Making Hadoop optimizations Pervasive

Making Hadoop optimizations Pervasive

Summary: As innovative as Hadoop is in toto, its components can benefit from optimization, perhaps significantly. One vendor that’s been in the database business for three decades isn’t just talking about those optimizations. It’s building products around them.

TOPICS: Big Data

Hadoop is the master of distributed Big Data processing, across clusters of commodity hardware.  But what about distributed computing within a node in the cluster?  There’s been a multi-year, multi-core revolution going on in hardware, but not a lot of software seems to have heard the revolutionary forces charging forward.  How well does Hadoop scale within a worker node?

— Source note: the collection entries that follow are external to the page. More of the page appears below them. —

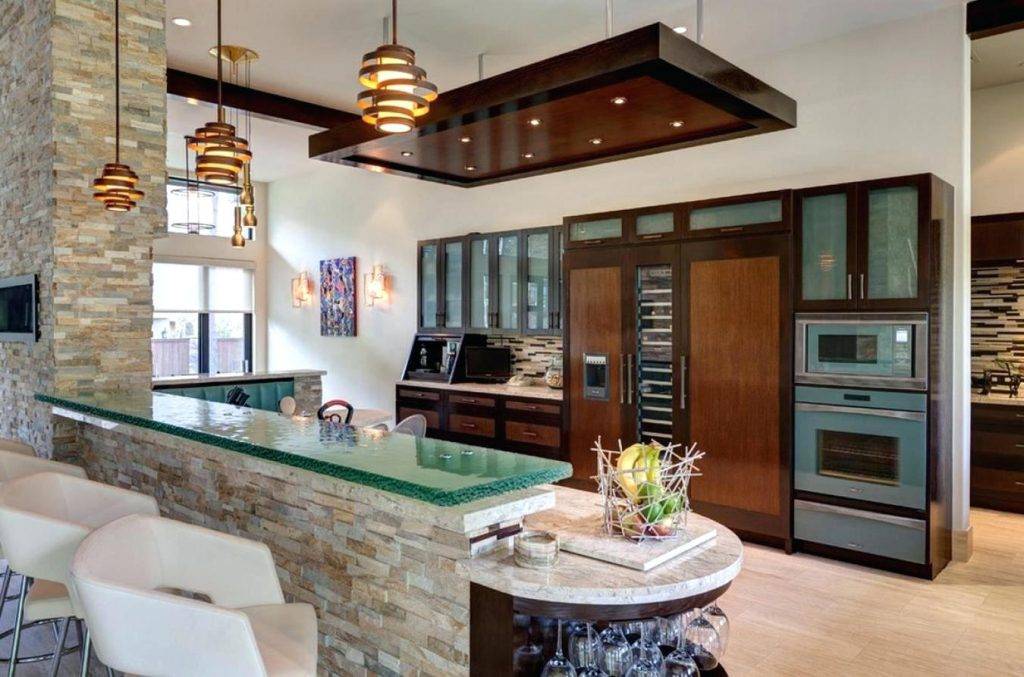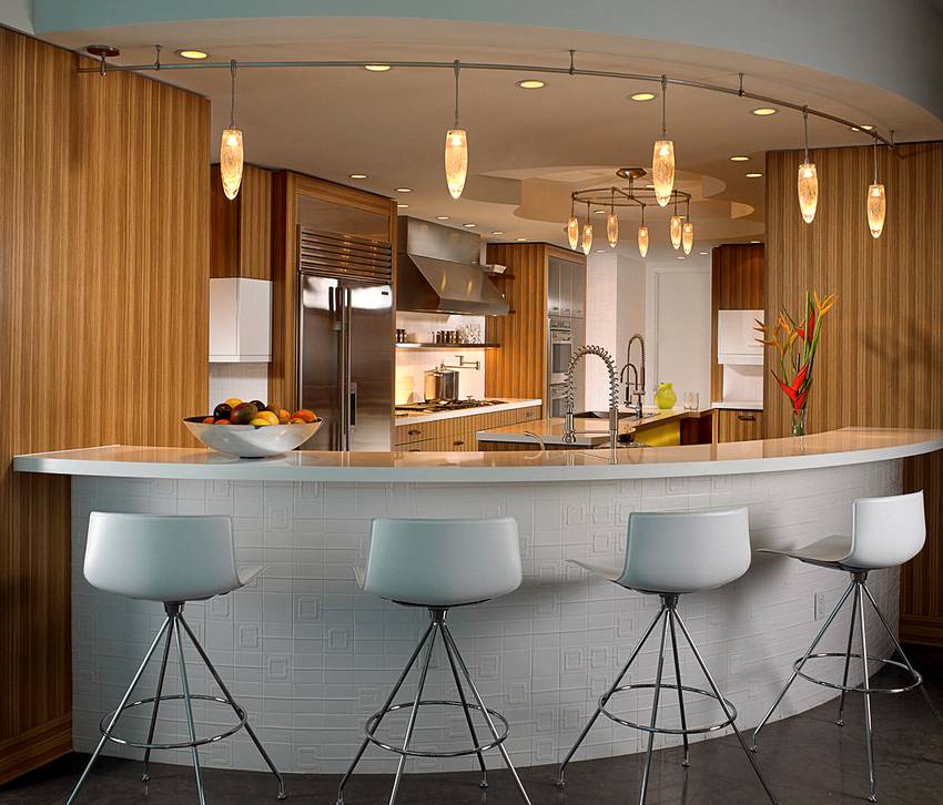 Над барной стойкой можно использовать те же правила, что и в случае с другими зонами. Здесь также пригодится грамотное использование локальных источников. Неплохо подходят для кухонь с барной стойкой так называемые скрытые типы светодиодных светильников. Декоративные бра неплохо дополнят общую атмосферу, тогда барная конструкция получает отличное украшение.
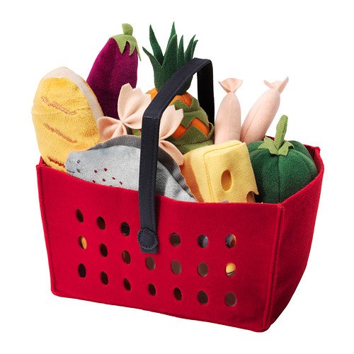 おままごとに。子供は大人の真似をして自分の役割分担を考えることで、社会性を身につけていきます セット内容:チーズ、ソーセージ2、パスタ、パン、ピーマン1、パイナップル1、ナス1、魚1 対象年齢:3歳以上 布地: ポリエステル 100% 中素材: ポリエステル繊維
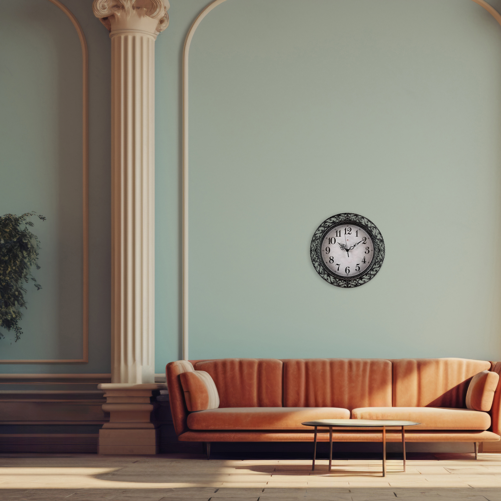 Часы настенные классика круг с узором d-39,5 корпус белый с золотом
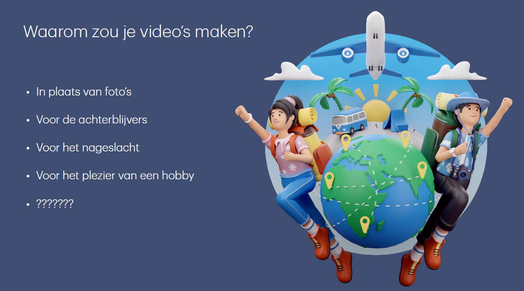 Nu er prachtige opnames gemaakt kunnen worden met smartphones, dreigt de moderne variant op de verplichte dia-avond: “Komen jullie vanavond? Zullen we alles vertellen over onze vakantie. We hebben ook wat filmpjes gemaakt….”. Het probleem: het is alleen interessant voor degenen die op vakantie zijn geweest; je moet erbij geweest zijn.
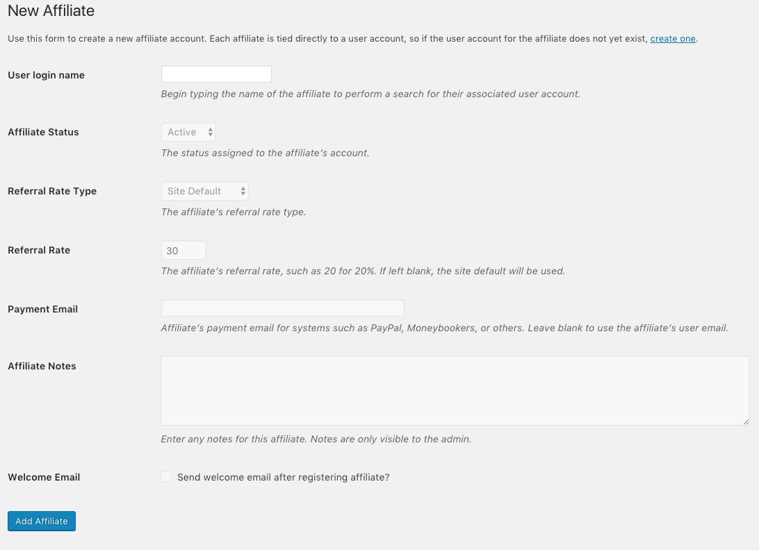Adding new affiliate accounts
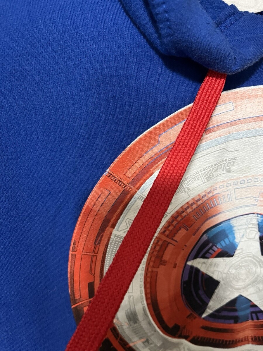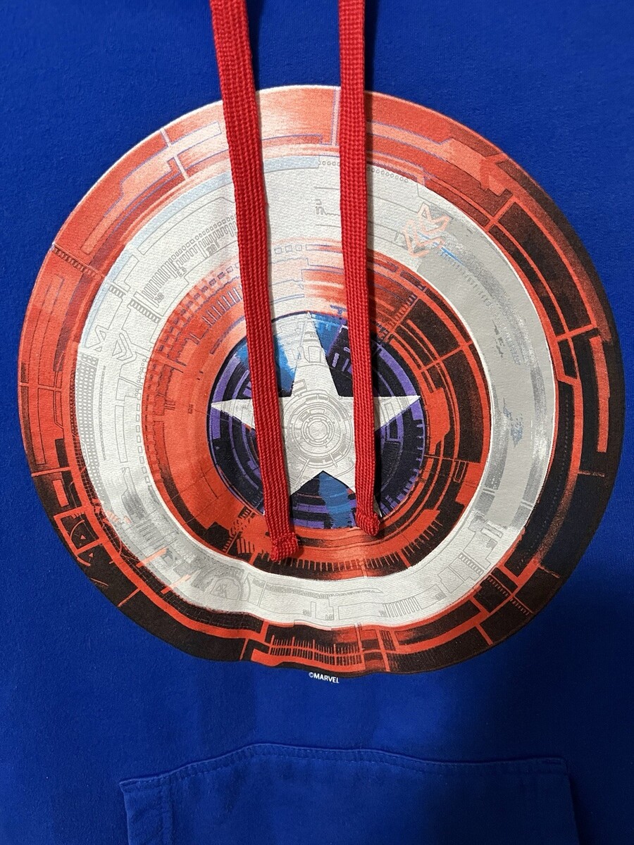 - Marvel Captain America Hoodie Size Medium Color Navy Blue Comics Red Laces
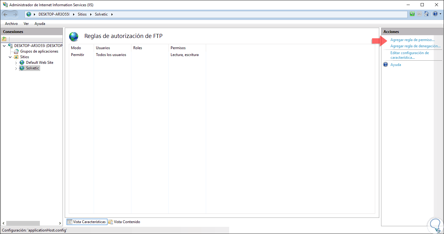 Daremos doble clic en la opción “Reglas de autorización de FTP” y será desplegado lo siguiente:
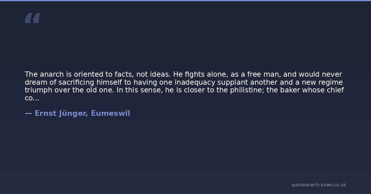 The anarch is oriented to facts, not ideas. He fights alone, as a free man, and would never dream of sacrificing himself to having one inadequacy supplant another and a new regime triumph over the old one. In this sense, he is closer to the philistine; the baker whose chief concern is to bake good bread; the peasant, who works his plow while armies march across his fields.
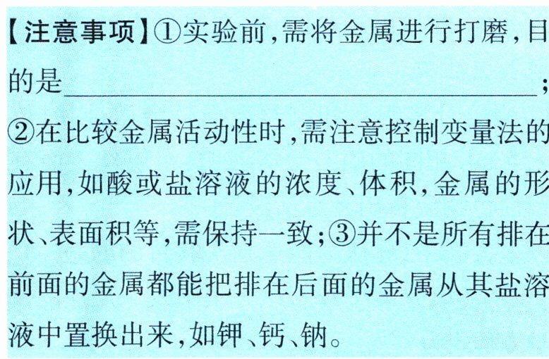 类型2 铁片表面有红色固体析出,溶液由蓝色变为浅绿色 铜片表面有银白色固体析出,溶液由无色变为蓝色 【注意事项】除去金属表面的氧化膜和污物
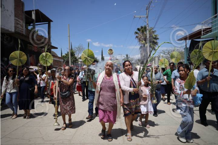 SAN ANTONINO CASTILLO VELASCO, OAXACA, 29MARZO2026.- Pobladores de San Antonino Castillo Velasco, comunidad zapoteca de los Valles Centrales de Oaxaca, celebraron el “Domingo de Ramos”. En la población, los habitantes ofrendan productos del campo, animales de corral, textiles, entre otros a la imagen de Cristo Salvador, la cual adornan para salir en procesión hacia el templo consagrado a San Antonino Obispo, en donde se realiza la celebración eucarística que rememora la entrada de Jesús a Jerusalén y con la que inicia la Semana Santa. Las ofrendas que cada habitante dona en agradecimiento por los favores recibidos en el año, son subastadas al finalizar la misa, el dinero recaudado se destina a las necesidades parroquiales. FOTO: CAROLINA JIMÉNEZ MARISCAL/CUARTOSCURO.COM
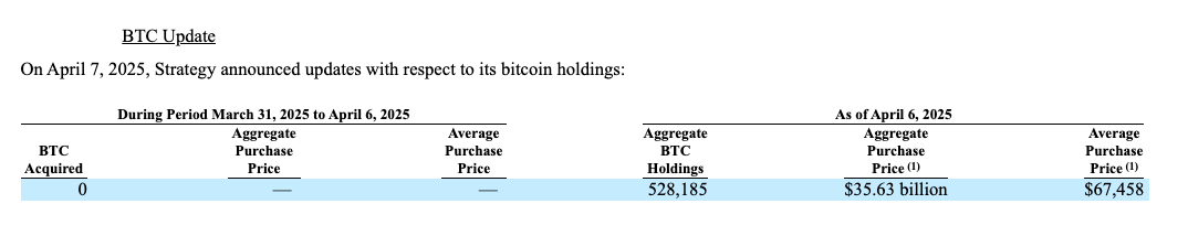 According to the filing, Strategy has not sold any class A common shares between March 31 and April 6 that it uses for funding its Bitcoin buying.
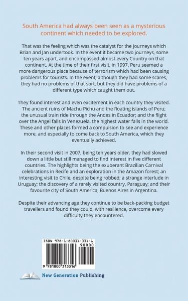 South America had always been seen as a mysterious continent which needed to be explored. That was the feeling which was the catalyst for the journeys which Brian and Jan undertook. In the event it became two journeys, some ten years apart, and encompassed almost every Country on that continent. At the time of their first visit, in 1997, Peru seemed a more dangerous place because of terrorism which had been causing problems for tourists. In the event, although they had some scares, they had no problems of that sort, but they did have problems of a different type which caught them out. They found interest and even excitement in each country they visited. The ancient ruins of Machu Pichu and the floating islands of Peru; the unusual train ride through the Andes in Ecuador; and the flight over the Angel falls in Venezuela, the highest water falls in the world. These and other places formed a compulsion to see and experience more, and especially to come back to South America, which they eventually achieved. In their second visit in 2007, being ten years older. they had slowed down a little but still managed to find interest in five different countries. The highlights being the exuberant Brazilian Carnival celebrations in Recife and an exploration in the Amazon forest; an interesting visit to Chile, despite being robbed; a strange interlude in Uruguay; the discovery of a rarely visited country, Paraguay; and their favourite city of South America, Buenos Aires in Argentina. Despite their advancing age they continue to be back-packing budget travellers and found they could, with resilience, overcome every difficulty they encountered.
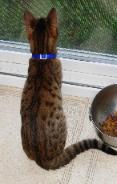 Savannahs The Savannah cat is a beautiful feline produced by breeding an African Serval to a domestic cat. This mating creates a cat with many of the striking markings of a Serval, but with a domestic temperament. The Savannah, unlike the Serval, requires no special permits, diet or care to own. The Savannah is easily trained to use the litter box and bonds well with its new family. Savannahs are reported to have a lot of dog like qualities. They can play fetch, tug-o-war, and learn tricks. Many Savannahs will actually run to the door and wait for you when they hear your car pull in the driveway. They are very smart and learn things quickly, such as what the doorknob is for. They can’t always figure out how to make it work, but they enjoy trying. Because the Savannah breed is still relatively new kittens are referred to by their generation away from the Serval. F1’s are typically 50% wild, F2’s have 25% wild blood, F3’s have 12.5% wild blood, etc. Males are sterile until the fifth generation and therefore are sold as pets only. Females are fertile and can be placed as breeders or pets. Many people are drawn to the Savannah breed because of their size. Size varies, depending on generation and sex. In general, the further away from the wild cat, the smaller they will be. However, there isn’t a large size difference between each generation. F1 males tend to fall between 20 and 27 pounds, F2 males between 17 and 25 pounds and F3 males between 15 and 23 pounds. The name Savannah refers to the African Savannah, the habitat of one of the breed's ancestors the African serval cat. The Savannah still has many of the Serval's beautiful qualities but with a more amiable temperament and better house hold habits. The Savannah is a tall lean cat with long legs and a long neck. The head is smaller in proportion to the body and longer than wide with large ears. Similar to the serval, the coat shows a spotted pattern with some bars on a golden to tawny ground color with a light colored underside. Savannah cats appear to be smaller replicas of the serval. This exotic impression is accentuated by light ocelli markings on the back of the ears as well as prominent tear duct lines in the face. Savannah males usually grow much larger than their female litter mates. Due to the graceful and long- legged appearance combined with the movement of a big cat, these striking cats are unlike any other breed. Savannah cats are friendly and sociable cats, that can get along very well with other household pets. They show their affection by eagerly giving a welcoming "head-butt" where they literally bump heads with you to say hello!. Most Savannah Cats are very outgoing and like to be petted. Because of their long legs the Savannah is an elegant jumper and like the serval often performs high leaps straight in the air. The Savannah loves water and enjoys a bath. If given the choice, a Savannah might enjoy a tub filled with water over the more usual cat games. Just like other cats Savannah cats can get along with young children and other household pets. Despite their exotic appearance, Savannah cats do not differ much from other other domestic cats in regards to care and behavior. Generally, Savannah cats can be kept like any other domestic cat but would also enjoy getting a little fresh air from a safe enclosure or a walk on a lead once in a while |
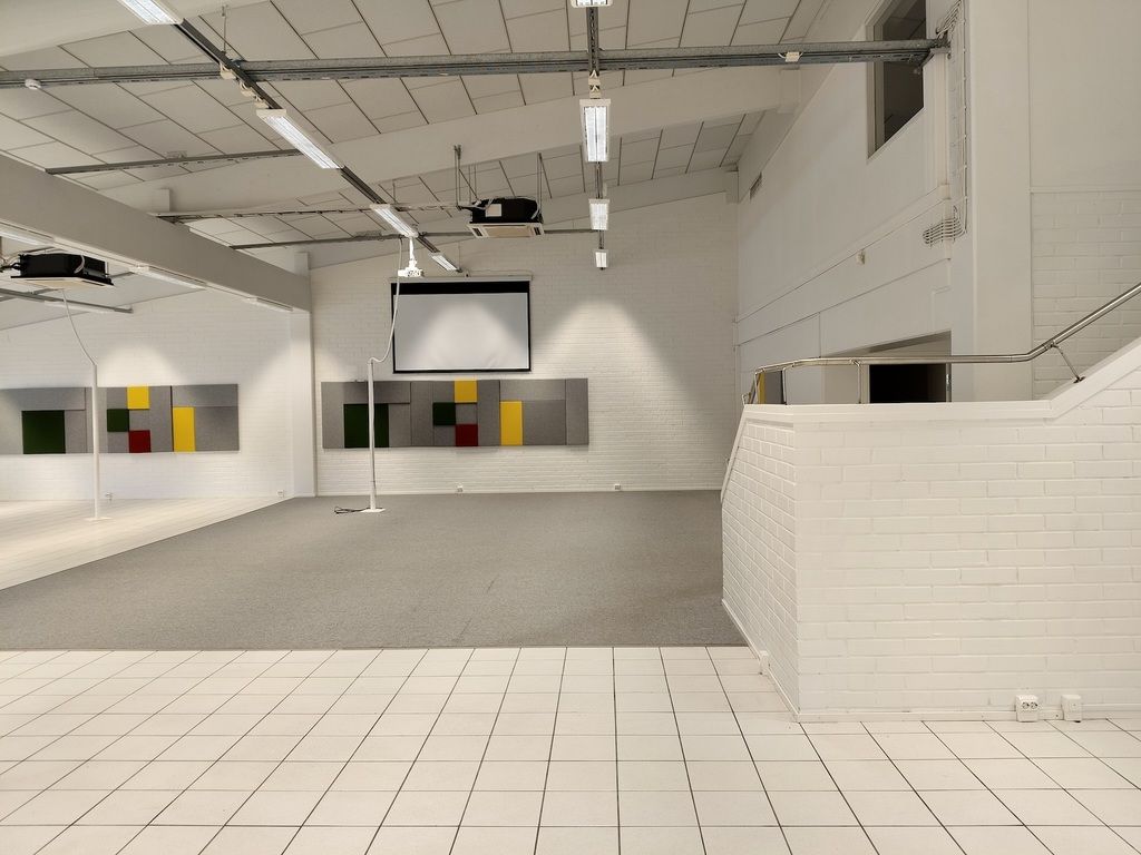 Tilan pinta-ala on yhteensä 487 m². Alakerran tilan lisäksi kokonaisuuteen sisältyy 2. kerroksen noin 88 m² tila, jossa on toimistohuoneita sekä sosiaalitilat. Koska tila on katutasossa, onnistuu isommankin tavaran tuonti helposti. Tila soveltuu monenlaiseen käyttöön, esimerkiksi liikuntatilaksi tai ravintolakäyttöön.

To be honest, I’m still learning.  But my gut tells me that Hadoop could be doing more in this regard.  Sure, Hadoop is about scaling out, and not necessarily up.  And it’s about commodity hardware and disk storage.  But multi-core technology is part of commodity hardware now, and there’s no point in wasting it.

Last week I had the opportunity to speak with Mike Hoskins of Pervasive Software.  If you’re an old-timer in the industry then you’ll know Pervasive for its Btrieve embedded database product (now called PSQL), which is still making the company a pretty penny.  But Hoskins, who is Pervasive’s CTO, is now also leading the company’s Big Data efforts, and he’s helping the company do some pretty cool stuff.

I’m finding myself impressed by database and BI veteran stalwarts who are finding their way into Big Data.  They see the potential of Big Data technology, but they see it in the context of relational database technology, where performance and optimization is hard-fought and resource waste can be heresy.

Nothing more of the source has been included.